When you get home, a fight ensues with your significant other at the drop of a hat and you're not talking?
Then have I got the answer for you and if a dollar-two-ninety-eight was all it cost too rid your home of the pesky, sonofafrittinrattafrattincrats, wouldn't you want it? Ofcourse you would; already then; betts, presents you with(r u sitting?);
"COLORED MARSHMALLOWS", yes, I said; "COLORED
RED ONES signifies: you best leave my sight, say nary a word! Unless you're going to present me with diamonds.

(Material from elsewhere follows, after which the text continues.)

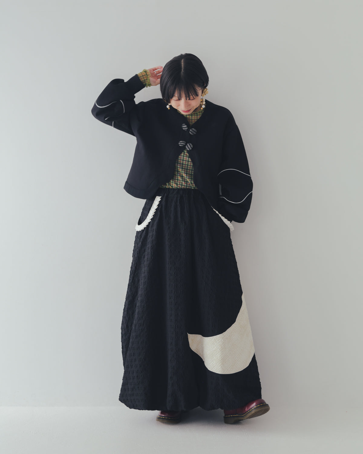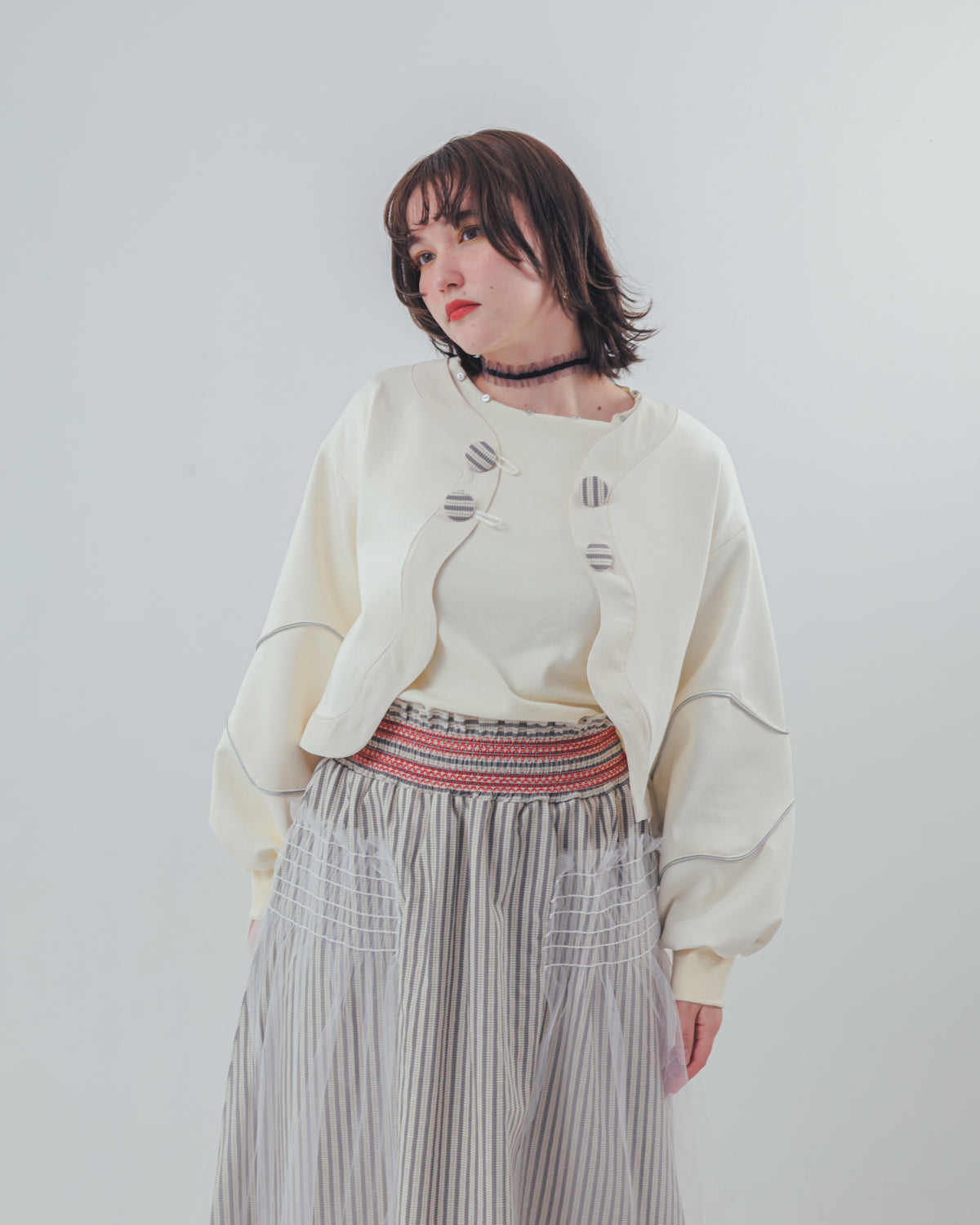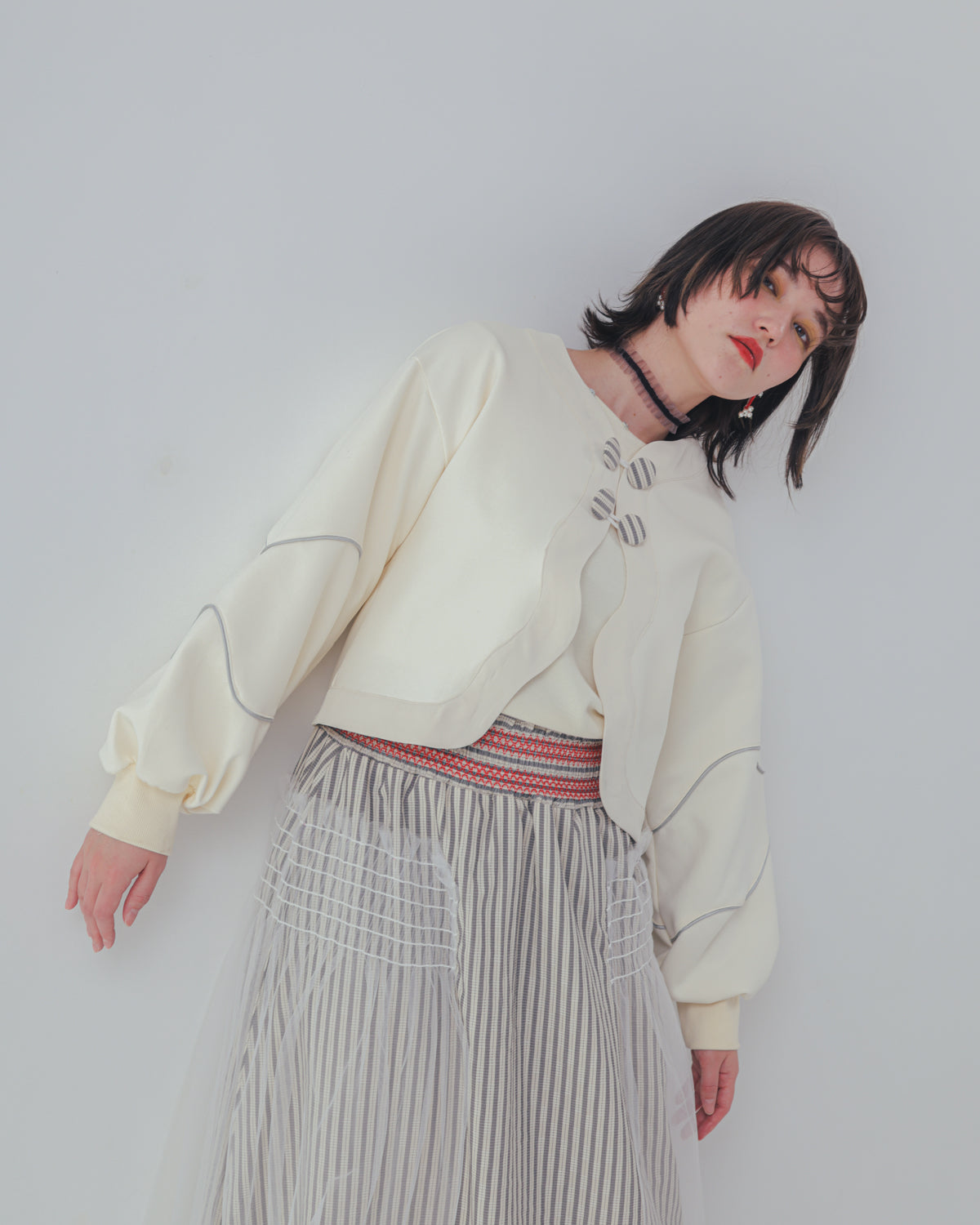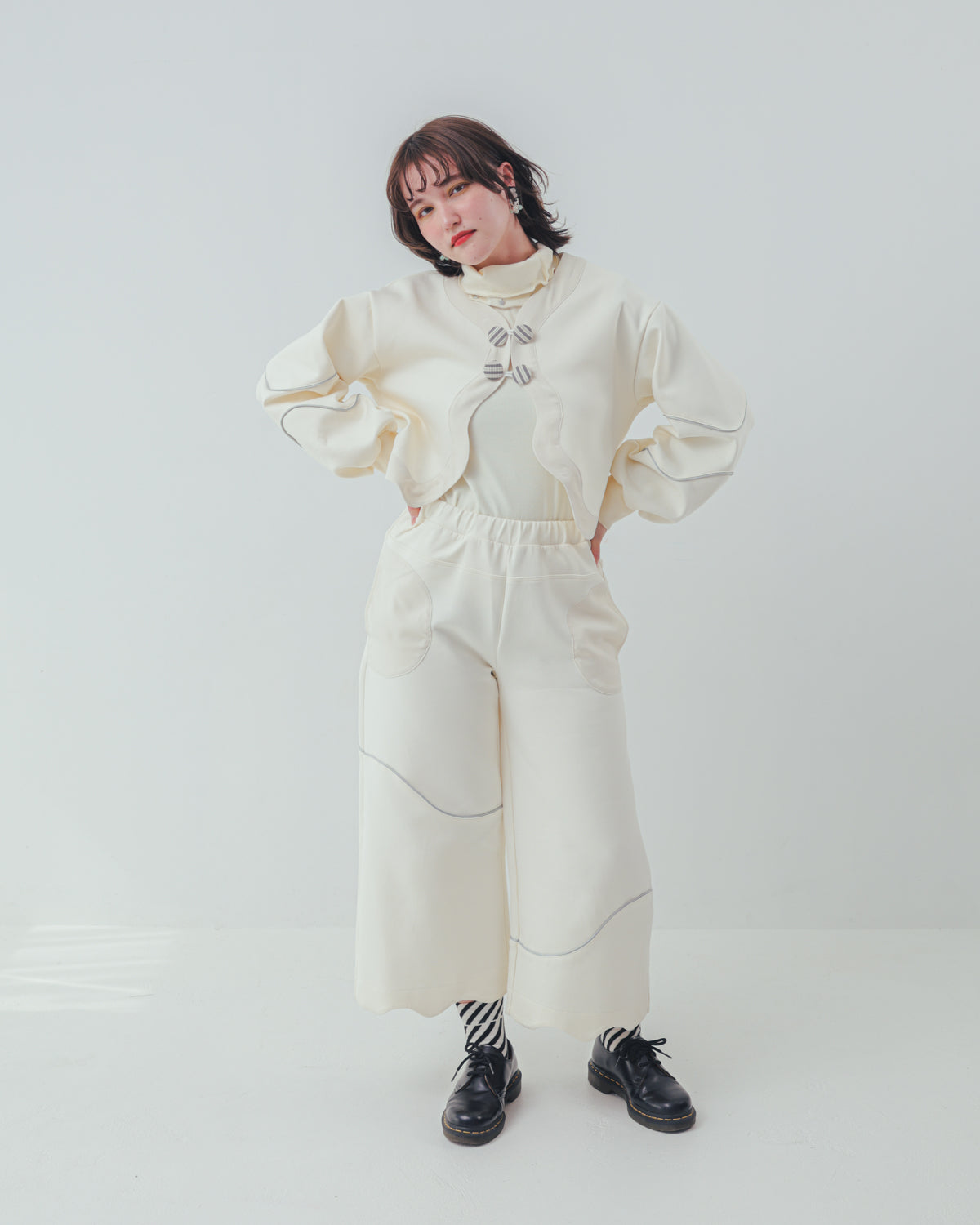 前身頃や裾、袖のパイピングなど、全体的に波打つようなデザインを施したボレロは、軽くシワになりにくいボンディング生地を使用。 少し肌寒い秋口にはカットソーの上に重ねて、本格的な冬の季節にはレイヤードアイテムのひとつとして合わせるなど、活躍する機会が多いのも嬉しいポイントです。 くるみボタンで上品な印象をプラスしました。
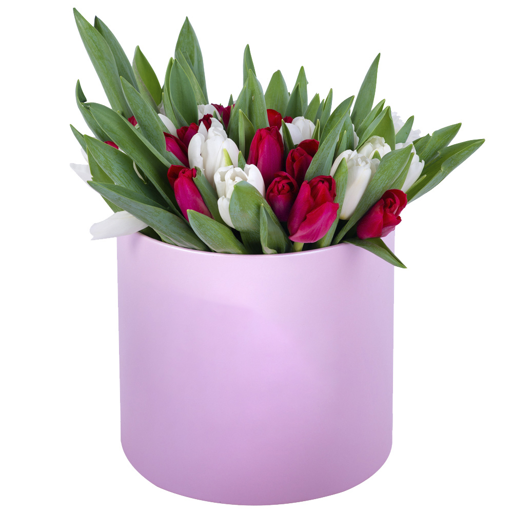 51 Разноцветный тюльпан в розовой шляпной коробке

BLUE ONES " : your trying my patience!
GREEN ONES " : I need space...
YELLOW ONES " : TICKED but not overly.
WHITE ONES : : lets talk
Now picture this; you've just had a major disagreement and your significant other just sits without saying a word, when suddenly...'PING'; they've just been introduced, upside their head with a Colored Marshmallow! What the? Then a smile, laughter; you're hugging and cuddling. It works 9 out of 10 times.
The one-time is because they are innoxious from the amount of alcohol consumed. Nothing is fumnnier that getting 'PINGED' upside the head with a marshmallow. My husband and I have been using that technique for many years now; it works.